## WORK REQUEST
The answer should hold only the lines from the one containing "石垣市長をはじめ、法務局や人" through the one containing "[출처(베리타스알파, phs@veritas-a.com): 2025" in the entries below, copied exactly, without pictures.

## RECORDS
>>>

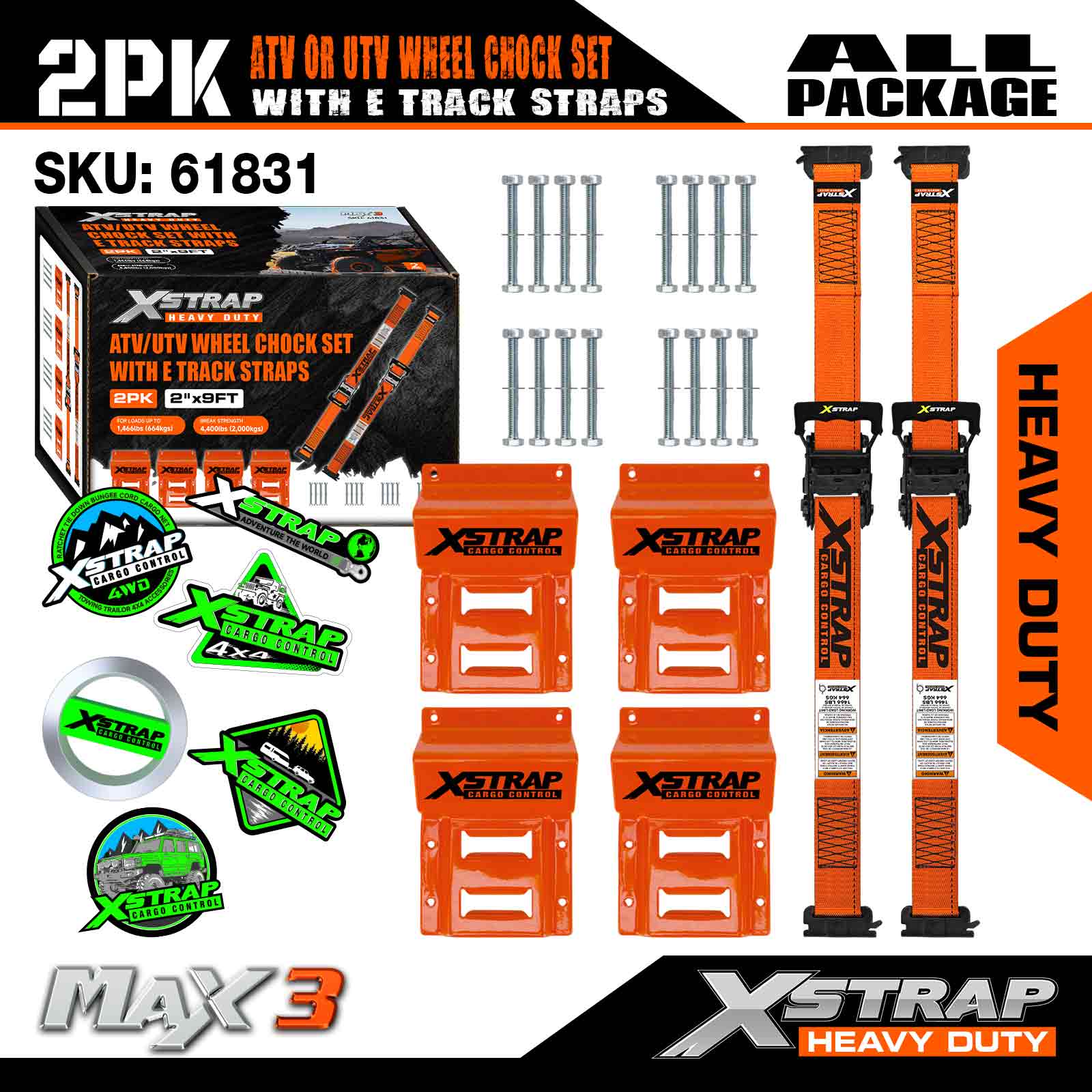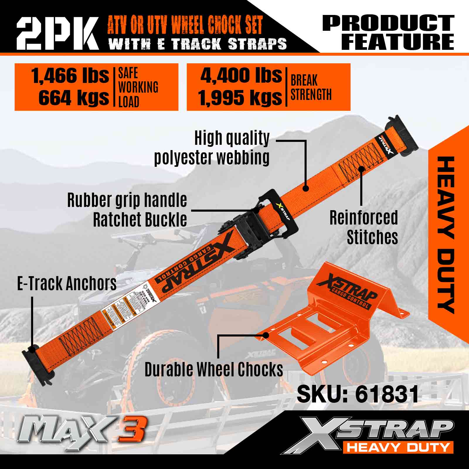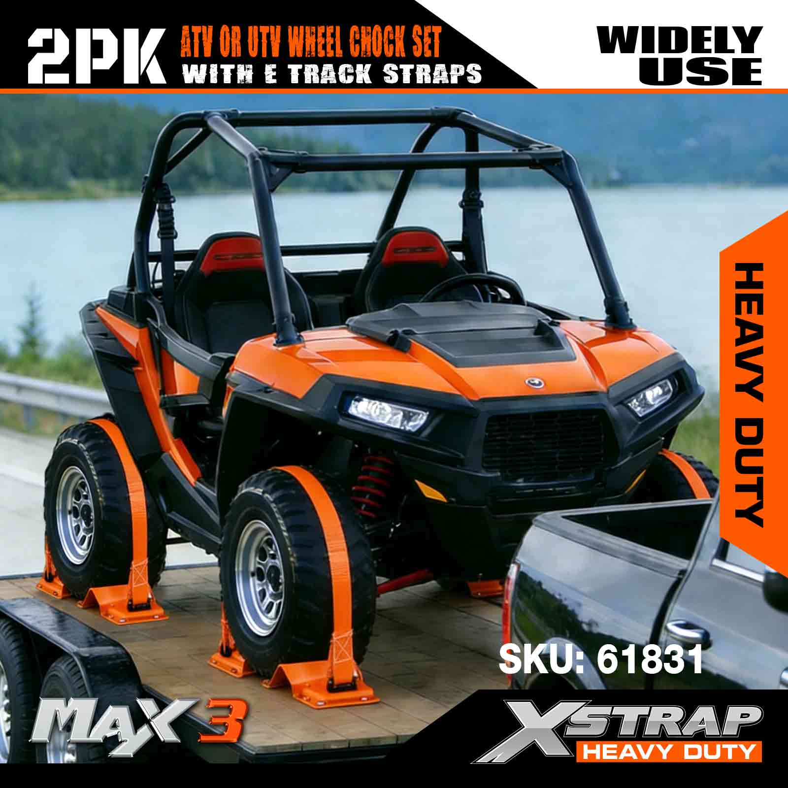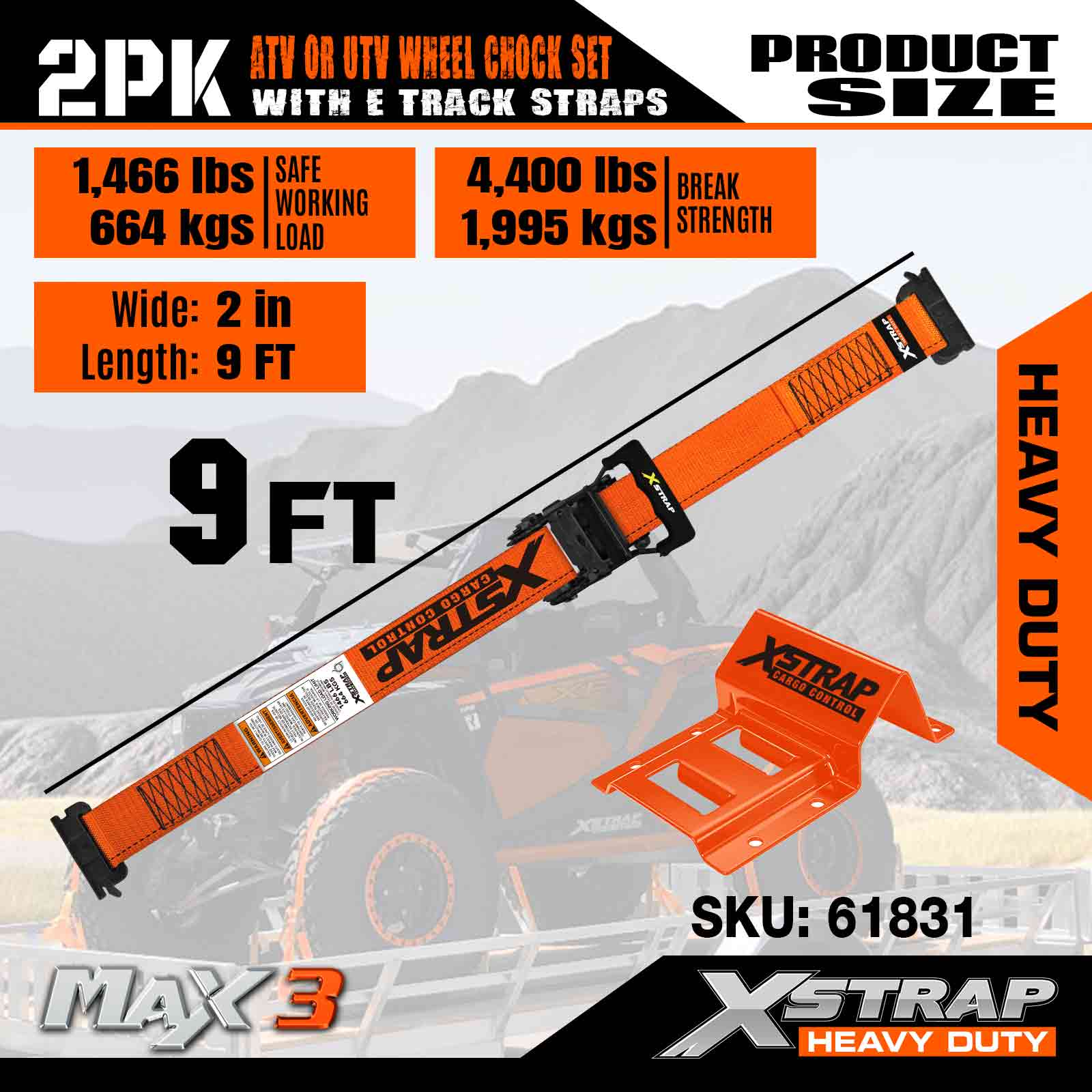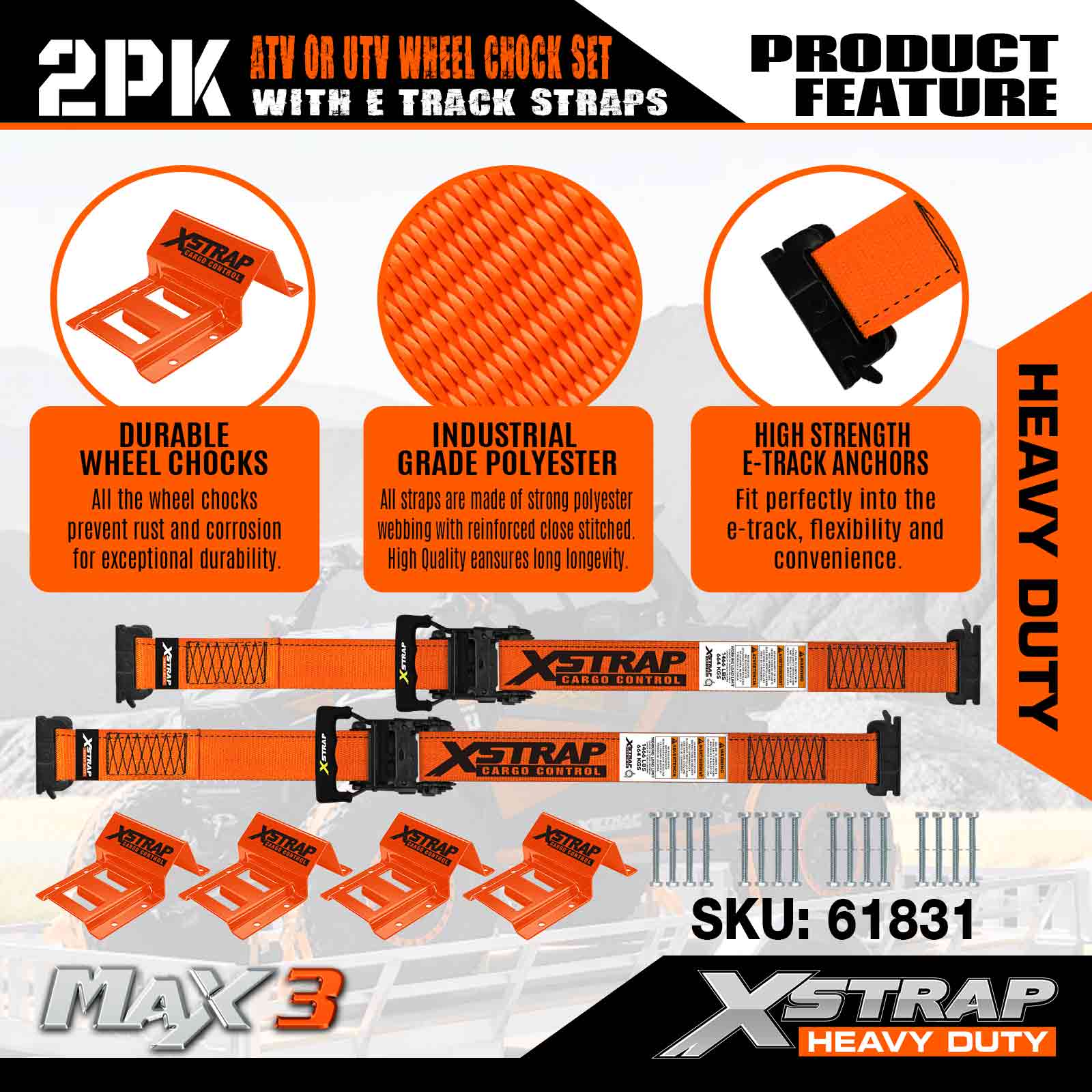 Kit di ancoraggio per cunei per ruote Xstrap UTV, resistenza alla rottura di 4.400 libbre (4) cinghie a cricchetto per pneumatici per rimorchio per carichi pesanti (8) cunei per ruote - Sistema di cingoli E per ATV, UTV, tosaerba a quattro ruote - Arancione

<<<
>>>

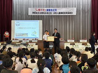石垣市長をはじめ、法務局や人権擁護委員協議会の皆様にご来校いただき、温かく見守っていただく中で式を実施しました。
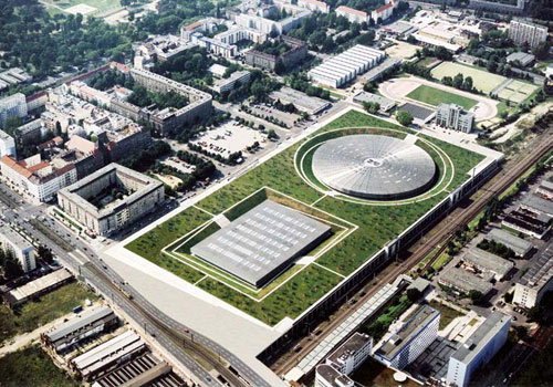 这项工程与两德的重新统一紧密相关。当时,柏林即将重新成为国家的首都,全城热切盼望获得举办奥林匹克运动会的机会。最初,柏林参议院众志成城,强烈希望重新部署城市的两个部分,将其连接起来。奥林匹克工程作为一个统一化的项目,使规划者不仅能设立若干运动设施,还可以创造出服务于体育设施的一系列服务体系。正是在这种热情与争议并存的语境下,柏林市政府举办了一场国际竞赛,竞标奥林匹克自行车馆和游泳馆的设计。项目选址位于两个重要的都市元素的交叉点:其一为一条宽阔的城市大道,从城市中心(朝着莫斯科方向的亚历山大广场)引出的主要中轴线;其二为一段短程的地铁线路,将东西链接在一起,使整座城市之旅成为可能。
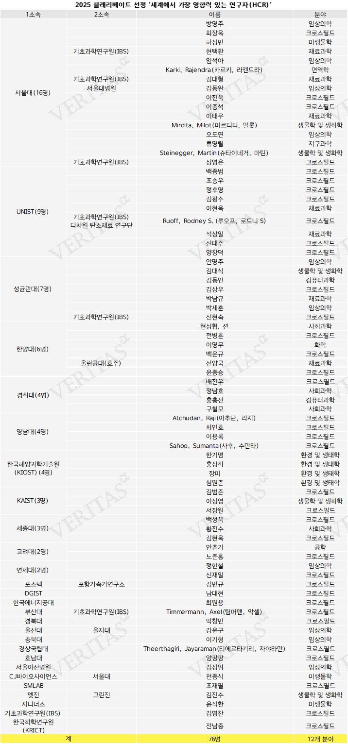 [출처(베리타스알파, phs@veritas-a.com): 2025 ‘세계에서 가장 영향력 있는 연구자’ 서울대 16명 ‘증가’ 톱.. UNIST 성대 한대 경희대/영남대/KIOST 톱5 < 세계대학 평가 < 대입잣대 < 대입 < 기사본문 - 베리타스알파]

<<<

## TASK RESULT
石垣市長をはじめ、法務局や人権擁護委員協議会の皆様にご来校いただき、温かく見守っていただく中で式を実施しました。
 这项工程与两德的重新统一紧密相关。当时,柏林即将重新成为国家的首都,全城热切盼望获得举办奥林匹克运动会的机会。最初,柏林参议院众志成城,强烈希望重新部署城市的两个部分,将其连接起来。奥林匹克工程作为一个统一化的项目,使规划者不仅能设立若干运动设施,还可以创造出服务于体育设施的一系列服务体系。正是在这种热情与争议并存的语境下,柏林市政府举办了一场国际竞赛,竞标奥林匹克自行车馆和游泳馆的设计。项目选址位于两个重要的都市元素的交叉点:其一为一条宽阔的城市大道,从城市中心(朝着莫斯科方向的亚历山大广场)引出的主要中轴线;其二为一段短程的地铁线路,将东西链接在一起,使整座城市之旅成为可能。
 [출처(베리타스알파, phs@veritas-a.com): 2025 ‘세계에서 가장 영향력 있는 연구자’ 서울대 16명 ‘증가’ 톱.. UNIST 성대 한대 경희대/영남대/KIOST 톱5 < 세계대학 평가 < 대입잣대 < 대입 < 기사본문 - 베리타스알파]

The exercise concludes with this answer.